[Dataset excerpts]
****************************************

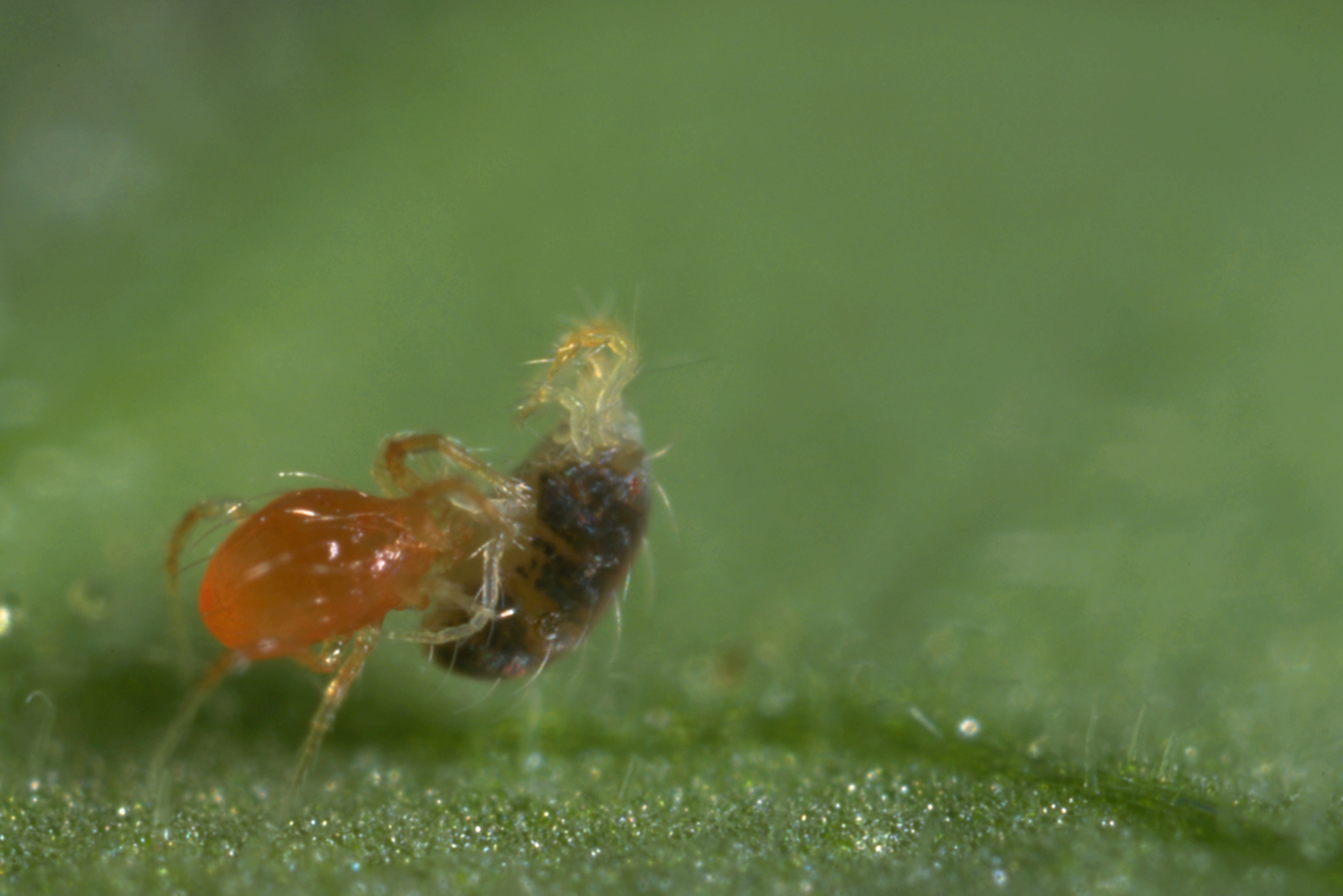 Zu den Verpackungmethoden gehören heute auch Anzuchttüten, in denen sich Raubmilben wie Amblyseius swirskii entwickeln und vermehren können, wenn sie in die Kulturpflanzen eingebracht werden. Diese Tüten ermöglichen eine langsame Freisetzung der Milben und bieten ihnen auf ihrer Reise Schutz vor Beschädigungen. So werden diese biologischen Lösungen gegen schädliche Thripse und Weiße Fliegen noch wirksamer und arbeitssparender. Die in den Tüten enthaltenen Futtermilben sorgen dafür, dass die Raubmilben auf dem Weg zu ihrem Ziel Nahrung erhalten. Die Zahl der Raubmilben, die aus der Tüte kommen, ist oft fünfmal so hoch als zu Beginn", erklärt René.
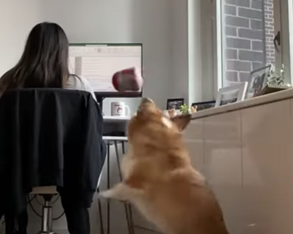犬「まだ仕事する気なの!?」飼い主さんを早く職場から帰したい!
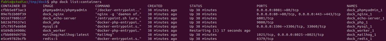 List running containers (php dock list:containers)
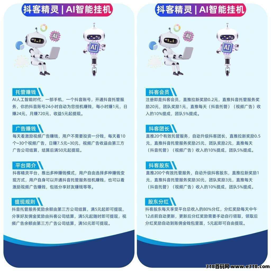 抖客精灵,零撸DY挂机平台,广告赚保底收益高,不养机,拉新奖励,新品上线,一个抖音账号,托管抖音服务,**挂机日赚24米,满5米起提现秒到账。
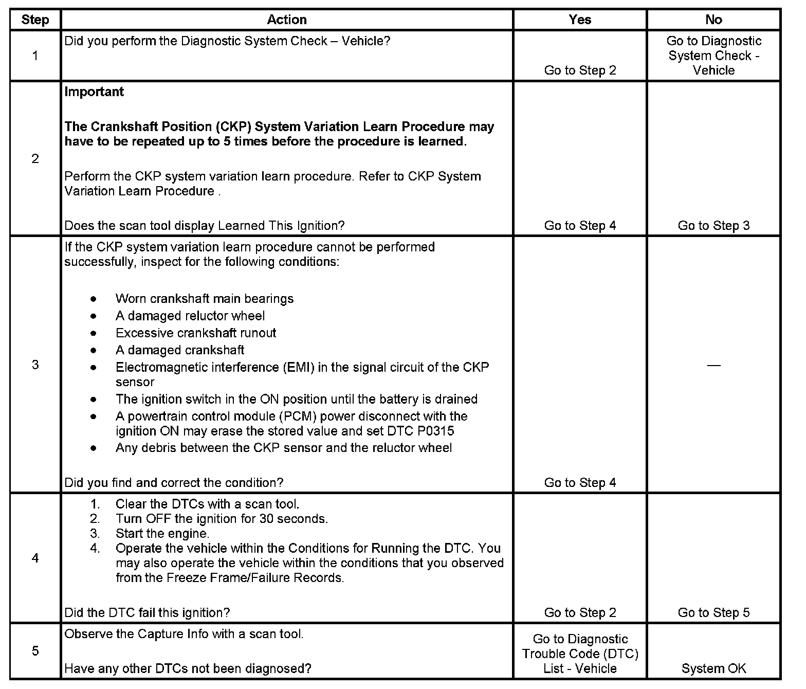 The crankshaft position (CKP) system variation learn feature is used to calculate reference period errors caused by slight tolerance variations in the crankshaft, and the CKP sensor. The calculated error allows the powertrain control module (PCM) to accurately compensate for reference period variations. This enhances the ability of the PCM to detect misfire events over a wider range of engine speed and load. The PCM stores the CKP system variation values after a learn procedure has been performed. If the actual CKP variation is not within the CKP system variation compensating values stored in the PCM, DTC P0300 may set. If the PCM detects the CKP system variation values are not stored in the PCM memory, DTC P0315 sets.
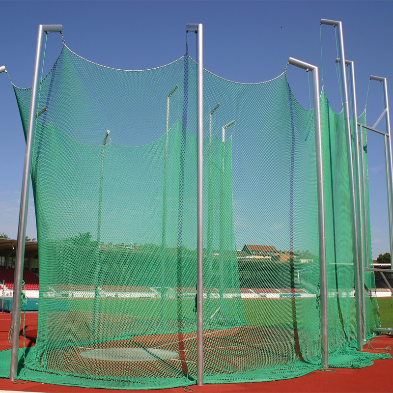 Das Diskus Schutzgitter dient dem Schutz der Athleten, Offiziellen und Zuschauern beim Diskuswurf. Das Gitter kann über Bodenhülsen im Boden verankert werden.
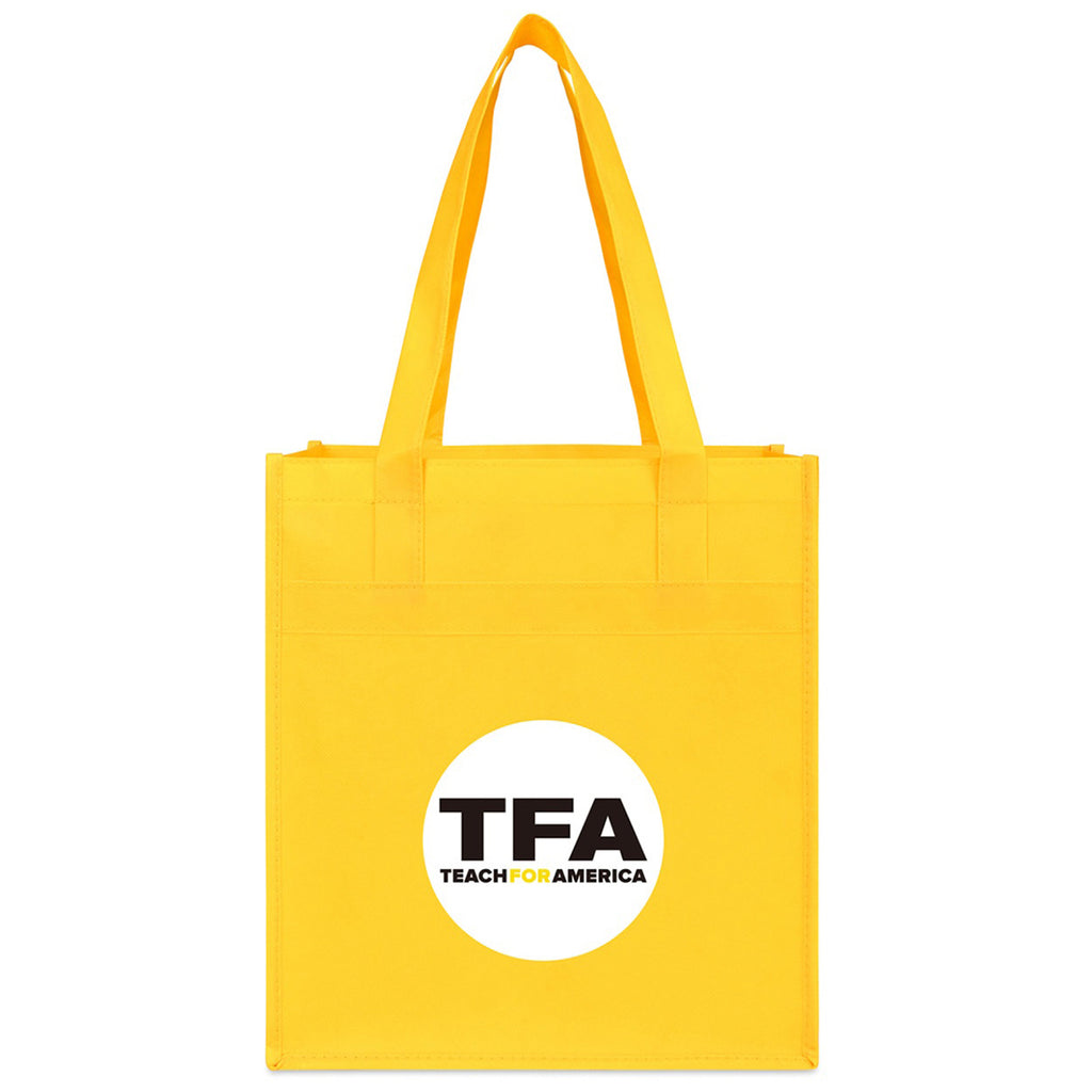 Be eco-friendly with a custom logoed Gemline Yellow Arlo rPET Deluxe Shopper. This recycled shopper tote is designed for everyday adventures with a splash of color. The reusable shopping bag is perfect for groceries, with a large main compartment and 24-inch shoulder straps for easy carrying. Order several colors to provide options.The minimum order for this product is 150 pieces.

****************************************

:: Work to complete ::
What is needed is an exact copy of every entry, with the pictures removed.

:: Task response ::
 Zu den Verpackungmethoden gehören heute auch Anzuchttüten, in denen sich Raubmilben wie Amblyseius swirskii entwickeln und vermehren können, wenn sie in die Kulturpflanzen eingebracht werden. Diese Tüten ermöglichen eine langsame Freisetzung der Milben und bieten ihnen auf ihrer Reise Schutz vor Beschädigungen. So werden diese biologischen Lösungen gegen schädliche Thripse und Weiße Fliegen noch wirksamer und arbeitssparender. Die in den Tüten enthaltenen Futtermilben sorgen dafür, dass die Raubmilben auf dem Weg zu ihrem Ziel Nahrung erhalten. Die Zahl der Raubmilben, die aus der Tüte kommen, ist oft fünfmal so hoch als zu Beginn", erklärt René.
犬「まだ仕事する気なの!?」飼い主さんを早く職場から帰したい!
 List running containers (php dock list:containers)
 抖客精灵,零撸DY挂机平台,广告赚保底收益高,不养机,拉新奖励,新品上线,一个抖音账号,托管抖音服务,**挂机日赚24米,满5米起提现秒到账。
 The crankshaft position (CKP) system variation learn feature is used to calculate reference period errors caused by slight tolerance variations in the crankshaft, and the CKP sensor. The calculated error allows the powertrain control module (PCM) to accurately compensate for reference period variations. This enhances the ability of the PCM to detect misfire events over a wider range of engine speed and load. The PCM stores the CKP system variation values after a learn procedure has been performed. If the actual CKP variation is not within the CKP system variation compensating values stored in the PCM, DTC P0300 may set. If the PCM detects the CKP system variation values are not stored in the PCM memory, DTC P0315 sets.
 Das Diskus Schutzgitter dient dem Schutz der Athleten, Offiziellen und Zuschauern beim Diskuswurf. Das Gitter kann über Bodenhülsen im Boden verankert werden.
 Be eco-friendly with a custom logoed Gemline Yellow Arlo rPET Deluxe Shopper. This recycled shopper tote is designed for everyday adventures with a splash of color. The reusable shopping bag is perfect for groceries, with a large main compartment and 24-inch shoulder straps for easy carrying. Order several colors to provide options.The minimum order for this product is 150 pieces.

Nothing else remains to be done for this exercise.